**Directions:** Your reply should hold every entry below exactly as written and none of the pictures.

Saved data entries:
────────────────────────────────────────
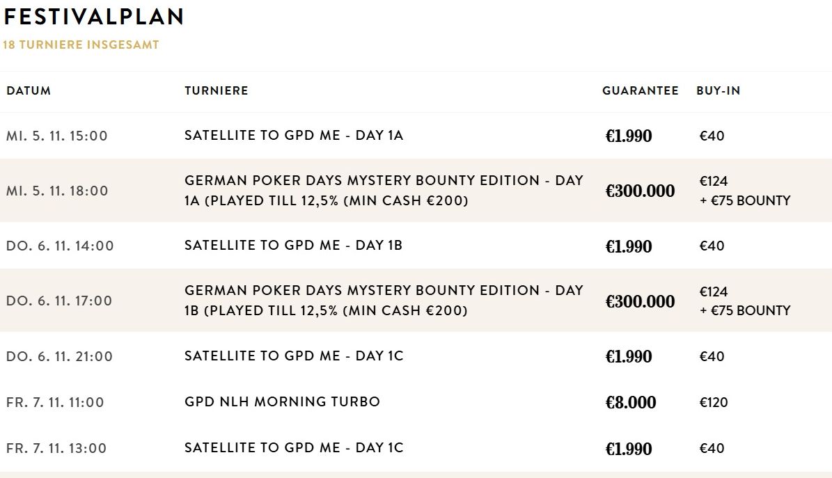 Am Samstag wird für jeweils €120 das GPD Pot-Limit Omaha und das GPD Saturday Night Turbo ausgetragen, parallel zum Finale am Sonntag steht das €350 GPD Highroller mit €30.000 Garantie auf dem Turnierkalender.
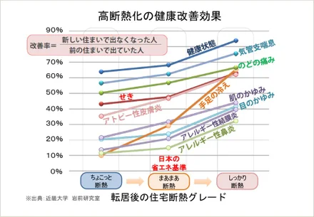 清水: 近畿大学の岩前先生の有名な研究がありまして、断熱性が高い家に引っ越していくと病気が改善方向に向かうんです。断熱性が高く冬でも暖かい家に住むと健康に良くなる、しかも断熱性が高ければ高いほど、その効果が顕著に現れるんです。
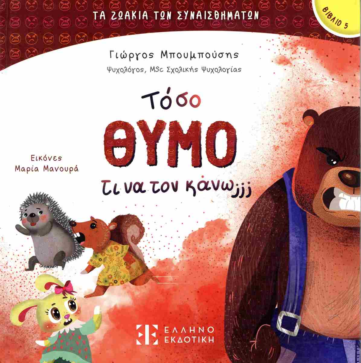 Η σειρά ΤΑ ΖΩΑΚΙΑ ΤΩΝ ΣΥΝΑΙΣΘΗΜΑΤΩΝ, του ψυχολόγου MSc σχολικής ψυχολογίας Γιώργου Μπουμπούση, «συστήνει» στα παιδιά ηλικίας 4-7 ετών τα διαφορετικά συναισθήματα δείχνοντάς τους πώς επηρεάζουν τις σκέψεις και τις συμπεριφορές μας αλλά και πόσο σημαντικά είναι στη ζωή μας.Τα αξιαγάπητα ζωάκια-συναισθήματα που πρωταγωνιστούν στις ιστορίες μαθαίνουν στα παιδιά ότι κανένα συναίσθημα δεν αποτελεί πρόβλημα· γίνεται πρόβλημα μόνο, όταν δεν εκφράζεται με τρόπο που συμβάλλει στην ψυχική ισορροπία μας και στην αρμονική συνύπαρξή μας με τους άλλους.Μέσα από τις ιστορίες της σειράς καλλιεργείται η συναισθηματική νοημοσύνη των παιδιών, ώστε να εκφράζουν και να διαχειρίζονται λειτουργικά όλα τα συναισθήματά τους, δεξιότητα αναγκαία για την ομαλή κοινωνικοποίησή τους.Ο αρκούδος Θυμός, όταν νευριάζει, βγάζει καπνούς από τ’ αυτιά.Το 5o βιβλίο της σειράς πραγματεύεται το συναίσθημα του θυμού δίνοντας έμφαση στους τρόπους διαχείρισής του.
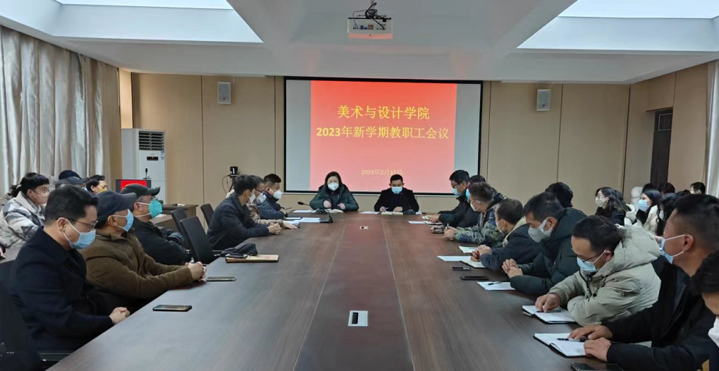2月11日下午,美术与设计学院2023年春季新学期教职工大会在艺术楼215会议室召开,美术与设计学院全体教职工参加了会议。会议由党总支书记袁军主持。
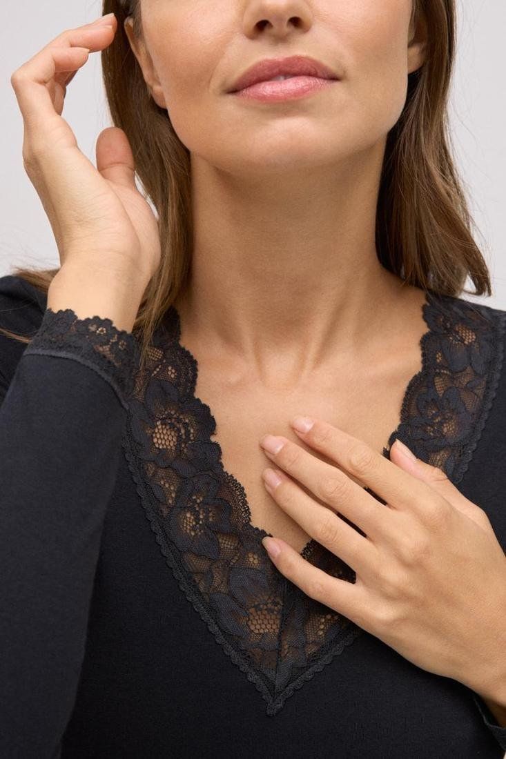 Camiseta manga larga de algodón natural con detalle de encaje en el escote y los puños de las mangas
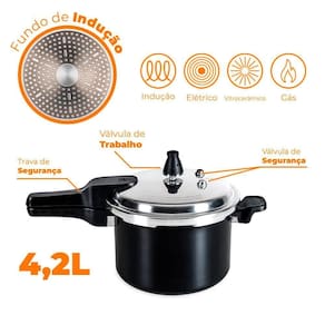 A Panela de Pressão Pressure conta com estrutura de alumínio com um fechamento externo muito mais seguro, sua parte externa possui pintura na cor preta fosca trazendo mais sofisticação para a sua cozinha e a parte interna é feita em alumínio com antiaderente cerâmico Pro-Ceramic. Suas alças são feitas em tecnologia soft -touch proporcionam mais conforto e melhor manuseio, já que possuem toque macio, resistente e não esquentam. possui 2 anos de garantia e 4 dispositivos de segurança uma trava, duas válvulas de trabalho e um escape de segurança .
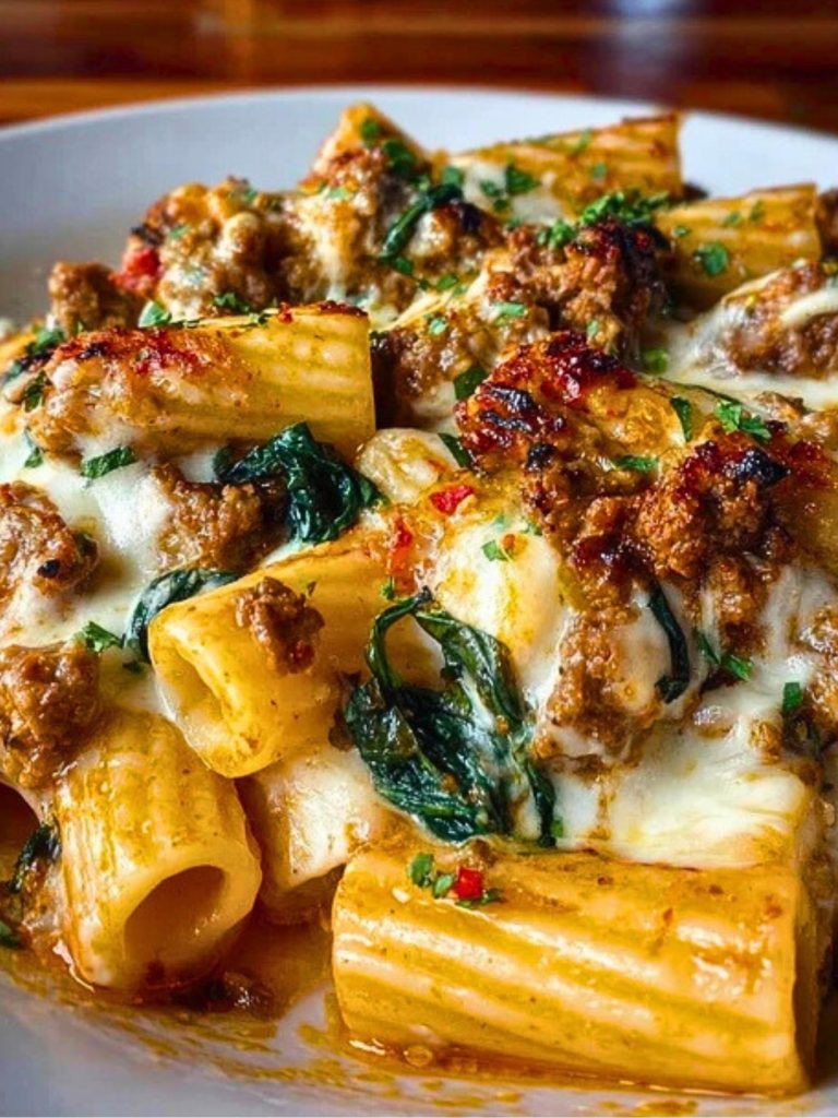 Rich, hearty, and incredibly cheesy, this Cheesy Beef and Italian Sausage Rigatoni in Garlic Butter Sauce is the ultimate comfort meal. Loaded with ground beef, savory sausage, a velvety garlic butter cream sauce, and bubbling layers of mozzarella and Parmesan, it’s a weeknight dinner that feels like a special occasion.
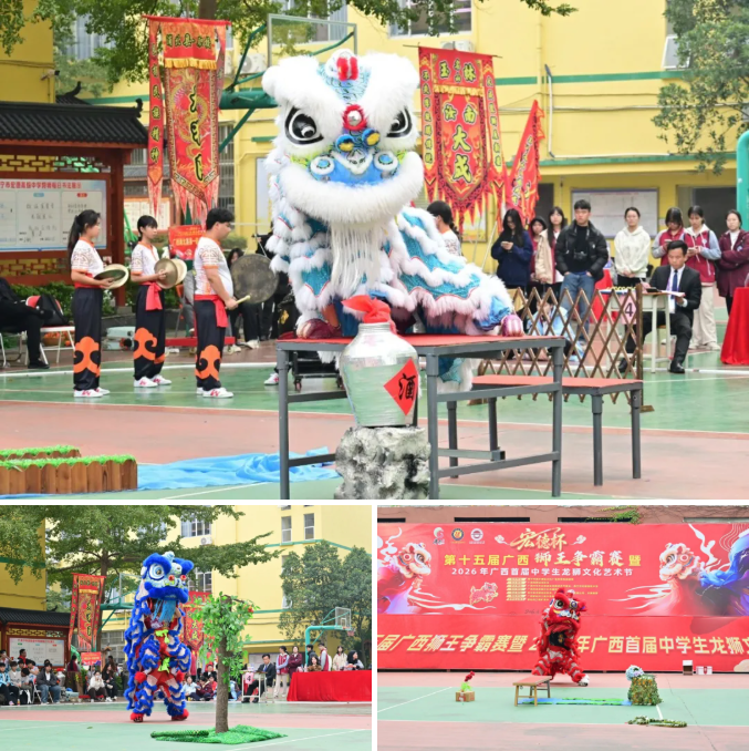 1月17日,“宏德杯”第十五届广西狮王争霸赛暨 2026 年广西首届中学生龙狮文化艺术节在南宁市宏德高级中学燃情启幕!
────────────────────────────────────────
**Answer box:**
 Am Samstag wird für jeweils €120 das GPD Pot-Limit Omaha und das GPD Saturday Night Turbo ausgetragen, parallel zum Finale am Sonntag steht das €350 GPD Highroller mit €30.000 Garantie auf dem Turnierkalender.
 清水: 近畿大学の岩前先生の有名な研究がありまして、断熱性が高い家に引っ越していくと病気が改善方向に向かうんです。断熱性が高く冬でも暖かい家に住むと健康に良くなる、しかも断熱性が高ければ高いほど、その効果が顕著に現れるんです。
 Η σειρά ΤΑ ΖΩΑΚΙΑ ΤΩΝ ΣΥΝΑΙΣΘΗΜΑΤΩΝ, του ψυχολόγου MSc σχολικής ψυχολογίας Γιώργου Μπουμπούση, «συστήνει» στα παιδιά ηλικίας 4-7 ετών τα διαφορετικά συναισθήματα δείχνοντάς τους πώς επηρεάζουν τις σκέψεις και τις συμπεριφορές μας αλλά και πόσο σημαντικά είναι στη ζωή μας.Τα αξιαγάπητα ζωάκια-συναισθήματα που πρωταγωνιστούν στις ιστορίες μαθαίνουν στα παιδιά ότι κανένα συναίσθημα δεν αποτελεί πρόβλημα· γίνεται πρόβλημα μόνο, όταν δεν εκφράζεται με τρόπο που συμβάλλει στην ψυχική ισορροπία μας και στην αρμονική συνύπαρξή μας με τους άλλους.Μέσα από τις ιστορίες της σειράς καλλιεργείται η συναισθηματική νοημοσύνη των παιδιών, ώστε να εκφράζουν και να διαχειρίζονται λειτουργικά όλα τα συναισθήματά τους, δεξιότητα αναγκαία για την ομαλή κοινωνικοποίησή τους.Ο αρκούδος Θυμός, όταν νευριάζει, βγάζει καπνούς από τ’ αυτιά.Το 5o βιβλίο της σειράς πραγματεύεται το συναίσθημα του θυμού δίνοντας έμφαση στους τρόπους διαχείρισής του.
2月11日下午,美术与设计学院2023年春季新学期教职工大会在艺术楼215会议室召开,美术与设计学院全体教职工参加了会议。会议由党总支书记袁军主持。
 Camiseta manga larga de algodón natural con detalle de encaje en el escote y los puños de las mangas
 A Panela de Pressão Pressure conta com estrutura de alumínio com um fechamento externo muito mais seguro, sua parte externa possui pintura na cor preta fosca trazendo mais sofisticação para a sua cozinha e a parte interna é feita em alumínio com antiaderente cerâmico Pro-Ceramic. Suas alças são feitas em tecnologia soft -touch proporcionam mais conforto e melhor manuseio, já que possuem toque macio, resistente e não esquentam. possui 2 anos de garantia e 4 dispositivos de segurança uma trava, duas válvulas de trabalho e um escape de segurança .
 Rich, hearty, and incredibly cheesy, this Cheesy Beef and Italian Sausage Rigatoni in Garlic Butter Sauce is the ultimate comfort meal. Loaded with ground beef, savory sausage, a velvety garlic butter cream sauce, and bubbling layers of mozzarella and Parmesan, it’s a weeknight dinner that feels like a special occasion.
 1月17日,“宏德杯”第十五届广西狮王争霸赛暨 2026 年广西首届中学生龙狮文化艺术节在南宁市宏德高级中学燃情启幕!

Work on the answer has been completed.